ADR 010: Hermetic Bazel-native public-page visual regression

Author: Joe McGinley Status: Accepted Created: 2026-06-20

Problem

The public-page visual regression system (shipped in PR #2733) works: on every PR a BuildBuddy action boots the real :build_public SvelteKit app against committed mock data, screenshots the public pages with Playwright, diffs them against committed baselines, and posts inline before/after/diff images. But it is slow and the cost is structural, not incidental.

The action is a single workflow shell step that provisions its whole toolchain at runtime on an ubuntu-24.04 runner: it apt installs Node 20, installs gh/jq, runs playwright install-deps (about 93 system packages, roughly 85 MB), and downloads the chromium browser bundle (roughly 263 MB), every run. On a cold runner that provisioning dominates a roughly 2m30s wall time; the Bazel build of :build_public itself is already RBE-cached and finishes in about 7 seconds, so it is not the bottleneck. Warm runners are faster only by luck of reuse, which gives an unpredictable cold/warm cliff.

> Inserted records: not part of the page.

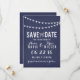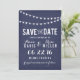 Having a rustic wedding or love the retro style? Customise your very own navy blue chalkboard summer string light "Save the Date". Personalise your "Save the Date" by changing the font style, colour, and more by clicking on the "Customise It" button below the product image.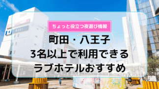 ラブホテル 町田・八王子の3名以上で利用できるラブホテルおすすめ7選! 町田・八王子エリアで女子会やホテル飲み会、オフ会などをするなら「3名以上で利用できるラブホテル」がおすすめです。 町田市は東京都の多摩地域南部に位置する人口約43万人の都市です。JR東日本/小田急電鉄の「町田駅」は、多摩地域随一の利用者数を... 2025.10.03 ラブホテル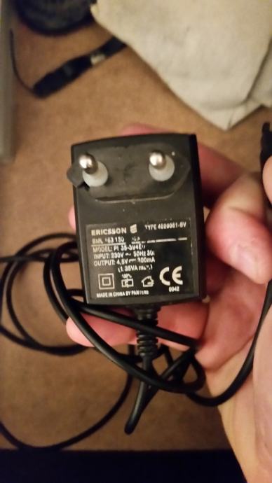Punjač Ericsson mobitela sa uskim priključkom.

Worse, there is no caching of the result. The screenshots are produced by a non-Bazel subprocess, so Bazel cannot key them on their inputs. Every PR re-runs the full capture even when it does not touch the frontend at all. The majority of PRs (backend changes, ADRs, chart bumps) cannot affect a single pixel, yet each pays the entire capture cost.

This repo is otherwise a hermetic Bazel monorepo: dependencies are vendored, builds run on RBE, container images are built with apko, and outputs are content-addressed and cached. The visual regression tool is the outlier, an imperative subprocess that re-installs the world on each run.

Decision

Move the visual regression capture and diff into the Bazel ecosystem as hermetic, cached build actions, and reduce the workflow step to building those targets and posting the result. Keep the existing behaviour (mock-data seam, basemap interception, baselines, the PR comment); change only the execution substrate.

Concretely: vendor the JS toolchain (@playwright/test via rules_js/pnpm, Node via the existing toolchain) and the chromium binary (a Bazel repository rule over the pinned chromium build), so the browser and its driver are fetched once into the Bazel caches rather than downloaded every run. Express the screenshot capture as a Bazel action whose declared inputs are the built app bundle, the committed fixtures, the target/route configuration, and the chromium toolchain, and whose output is the PNG tree artifact. Express the pixel diff against committed baselines as a second Bazel action over those PNGs. The chromium runtime system libraries (the part apt provided) are supplied by a dedicated apko image used as the action's execution environment, consistent with how every other image in this repo is built.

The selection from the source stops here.